Are we trying to anaesthetise anguish from our lives?
August 14, 2012
Despite the smiling face accompanying her column, Angela Mollard isn’t always happy. Photography: Scott McGale Source:Sunday Magazine
Angela Mollard, The Sunday Telegraph
REMEMBER when ‘happy’ was just something you were? Or weren’t. Good days, bad days, happy days, sad days – all jumbled in a life you lived rather than thought about too much.
Today happiness is a commodity; a ‘goal’, a ‘revolution’, a ‘project’. It’s what we want for ourselves and our children. “Yes, please,” we’d say to the doctor if she could vaccinate against sadness, along with the usual measles and mumps. Anything to immunise ourselves against pain and unease.
I write this because I’ve had an awful week – made somewhat worse by the book I’m reading (for work, not pleasure) called The Happiness Project. Ironically, as my world filled with woes, I read chapter after chapter about one woman’s attempt to “lighten up”, “be serious about play” and “keep a contented heart”. “I am happy,” writes Gretchen Rubin in her mega-selling memoir, “but I’m not as happy as I should be.”
More helpful, I think, than having an articulate and much-blessed woman tell you how to find happiness, is having a flawed and down-in-the dumps columnist recount the details of her weekus horribilis. (Shall we start with my appalling Latin?)

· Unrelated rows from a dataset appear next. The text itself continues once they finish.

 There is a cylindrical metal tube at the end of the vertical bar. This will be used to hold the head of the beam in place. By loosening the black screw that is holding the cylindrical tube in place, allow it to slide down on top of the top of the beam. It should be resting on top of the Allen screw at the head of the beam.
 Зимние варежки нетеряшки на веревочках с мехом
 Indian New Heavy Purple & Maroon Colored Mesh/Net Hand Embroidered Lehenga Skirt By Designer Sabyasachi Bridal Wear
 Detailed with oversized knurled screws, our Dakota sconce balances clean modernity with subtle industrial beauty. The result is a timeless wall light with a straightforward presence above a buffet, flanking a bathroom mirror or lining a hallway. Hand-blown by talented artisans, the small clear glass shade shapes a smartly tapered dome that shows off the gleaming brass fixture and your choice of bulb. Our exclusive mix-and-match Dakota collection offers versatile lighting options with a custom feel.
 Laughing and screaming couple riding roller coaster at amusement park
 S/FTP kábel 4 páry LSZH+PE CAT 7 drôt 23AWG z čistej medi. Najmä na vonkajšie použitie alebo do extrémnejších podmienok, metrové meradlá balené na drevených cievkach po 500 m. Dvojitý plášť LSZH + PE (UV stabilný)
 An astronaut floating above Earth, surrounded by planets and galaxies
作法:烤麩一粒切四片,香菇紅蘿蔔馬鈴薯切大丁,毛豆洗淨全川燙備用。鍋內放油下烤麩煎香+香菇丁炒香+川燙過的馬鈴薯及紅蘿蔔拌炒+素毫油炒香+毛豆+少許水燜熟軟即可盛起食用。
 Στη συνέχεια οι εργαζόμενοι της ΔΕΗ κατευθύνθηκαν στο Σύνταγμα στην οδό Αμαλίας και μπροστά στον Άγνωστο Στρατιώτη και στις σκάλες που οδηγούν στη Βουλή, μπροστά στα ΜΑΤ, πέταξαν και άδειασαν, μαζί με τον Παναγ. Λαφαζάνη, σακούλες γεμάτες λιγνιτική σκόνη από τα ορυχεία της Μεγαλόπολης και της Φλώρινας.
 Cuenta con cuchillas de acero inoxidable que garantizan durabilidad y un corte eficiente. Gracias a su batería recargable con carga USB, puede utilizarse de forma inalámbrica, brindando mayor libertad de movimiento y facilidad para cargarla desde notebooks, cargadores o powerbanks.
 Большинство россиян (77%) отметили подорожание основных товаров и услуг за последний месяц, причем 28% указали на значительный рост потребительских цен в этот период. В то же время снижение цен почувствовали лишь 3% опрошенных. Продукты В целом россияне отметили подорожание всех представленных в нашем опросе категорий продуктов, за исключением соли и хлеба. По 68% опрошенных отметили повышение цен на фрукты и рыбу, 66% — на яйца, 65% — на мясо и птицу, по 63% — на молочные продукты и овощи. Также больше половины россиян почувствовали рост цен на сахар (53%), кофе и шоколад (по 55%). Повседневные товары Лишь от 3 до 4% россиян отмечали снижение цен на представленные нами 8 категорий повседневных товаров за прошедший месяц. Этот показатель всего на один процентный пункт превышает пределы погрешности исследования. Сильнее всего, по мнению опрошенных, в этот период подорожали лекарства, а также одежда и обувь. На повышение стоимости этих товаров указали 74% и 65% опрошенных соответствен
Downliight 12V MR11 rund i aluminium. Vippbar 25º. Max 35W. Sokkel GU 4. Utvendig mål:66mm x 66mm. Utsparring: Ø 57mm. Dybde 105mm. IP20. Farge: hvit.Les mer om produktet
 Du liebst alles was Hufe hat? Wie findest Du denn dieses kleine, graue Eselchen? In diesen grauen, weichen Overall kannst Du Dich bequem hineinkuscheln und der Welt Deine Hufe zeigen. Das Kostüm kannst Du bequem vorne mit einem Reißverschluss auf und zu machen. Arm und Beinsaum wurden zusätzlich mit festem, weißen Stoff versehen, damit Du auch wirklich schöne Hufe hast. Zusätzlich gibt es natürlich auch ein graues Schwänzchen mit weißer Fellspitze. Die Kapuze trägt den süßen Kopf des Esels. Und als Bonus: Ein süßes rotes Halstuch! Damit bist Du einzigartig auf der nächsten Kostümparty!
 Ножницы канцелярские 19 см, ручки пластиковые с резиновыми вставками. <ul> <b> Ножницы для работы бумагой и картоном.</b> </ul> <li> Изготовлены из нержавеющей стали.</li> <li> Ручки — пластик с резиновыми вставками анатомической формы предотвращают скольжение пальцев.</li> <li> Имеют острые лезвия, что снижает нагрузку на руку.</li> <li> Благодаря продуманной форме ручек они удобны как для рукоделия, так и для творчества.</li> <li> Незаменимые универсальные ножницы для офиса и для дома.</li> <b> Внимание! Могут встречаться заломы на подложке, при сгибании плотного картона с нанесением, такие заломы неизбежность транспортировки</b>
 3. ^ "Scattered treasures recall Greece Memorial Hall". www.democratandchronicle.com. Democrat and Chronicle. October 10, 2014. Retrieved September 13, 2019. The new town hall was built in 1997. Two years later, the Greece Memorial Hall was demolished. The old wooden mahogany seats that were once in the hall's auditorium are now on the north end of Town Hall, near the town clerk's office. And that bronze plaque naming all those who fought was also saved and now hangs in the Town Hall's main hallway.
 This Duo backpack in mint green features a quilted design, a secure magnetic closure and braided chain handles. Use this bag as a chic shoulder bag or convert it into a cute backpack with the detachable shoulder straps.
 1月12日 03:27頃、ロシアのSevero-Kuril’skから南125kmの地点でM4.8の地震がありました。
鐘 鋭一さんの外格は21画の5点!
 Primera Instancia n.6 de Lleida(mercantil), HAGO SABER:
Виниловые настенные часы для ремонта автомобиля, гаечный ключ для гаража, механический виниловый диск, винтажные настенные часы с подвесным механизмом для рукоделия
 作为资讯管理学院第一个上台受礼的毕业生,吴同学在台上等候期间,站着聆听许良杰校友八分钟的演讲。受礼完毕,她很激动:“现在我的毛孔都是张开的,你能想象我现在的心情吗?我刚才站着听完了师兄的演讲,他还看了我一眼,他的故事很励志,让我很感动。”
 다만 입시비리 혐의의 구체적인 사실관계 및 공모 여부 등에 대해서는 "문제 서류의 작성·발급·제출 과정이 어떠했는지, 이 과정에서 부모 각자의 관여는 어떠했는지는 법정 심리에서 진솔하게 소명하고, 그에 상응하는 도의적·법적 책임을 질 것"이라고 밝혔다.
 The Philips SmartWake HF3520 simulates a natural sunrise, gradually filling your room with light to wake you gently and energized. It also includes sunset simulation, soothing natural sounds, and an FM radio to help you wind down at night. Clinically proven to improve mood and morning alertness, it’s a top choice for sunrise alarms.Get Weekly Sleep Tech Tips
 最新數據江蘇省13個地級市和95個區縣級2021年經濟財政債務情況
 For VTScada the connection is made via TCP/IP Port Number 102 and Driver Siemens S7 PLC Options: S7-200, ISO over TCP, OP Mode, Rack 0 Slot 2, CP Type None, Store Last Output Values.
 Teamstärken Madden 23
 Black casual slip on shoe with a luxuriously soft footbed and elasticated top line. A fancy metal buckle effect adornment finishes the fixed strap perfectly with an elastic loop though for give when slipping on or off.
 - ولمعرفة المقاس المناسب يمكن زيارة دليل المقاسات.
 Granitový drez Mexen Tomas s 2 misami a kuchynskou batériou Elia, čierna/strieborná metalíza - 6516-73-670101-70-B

I may be guilty of over-sharing, but my argument is this: we live in a culture that propagates the notion that happiness should be a constant state of mind and perfection our universal aim. To that end, most weeks I write jaunty, optimistic and ‘wise’ missives underneath a photo that makes me look 10 times prettier than I really am. “Great life, lucky cow,” you probably say to yourself and, yes, sometimes it is and sometimes I am.
But if I neglect to tell you the bad stuff – the hard, horrible, trying times – then I’m as guilty of perpetuating perfect images as those ads where mums are always smiling.
So here goes. I returned from India with a bug that’s eating my insides. I’ve had to pull out of a 100km charity walk, and I hate letting people down. I’ll be fine, but it’s hard slowing down a life that’s stuck on the fastest setting.
One of my children has a medical issue, which can be remedied, but I should’ve detected it. “I wish you’d noticed this two years ago,” said the specialist, shooting arrows of guilt into my already tender core.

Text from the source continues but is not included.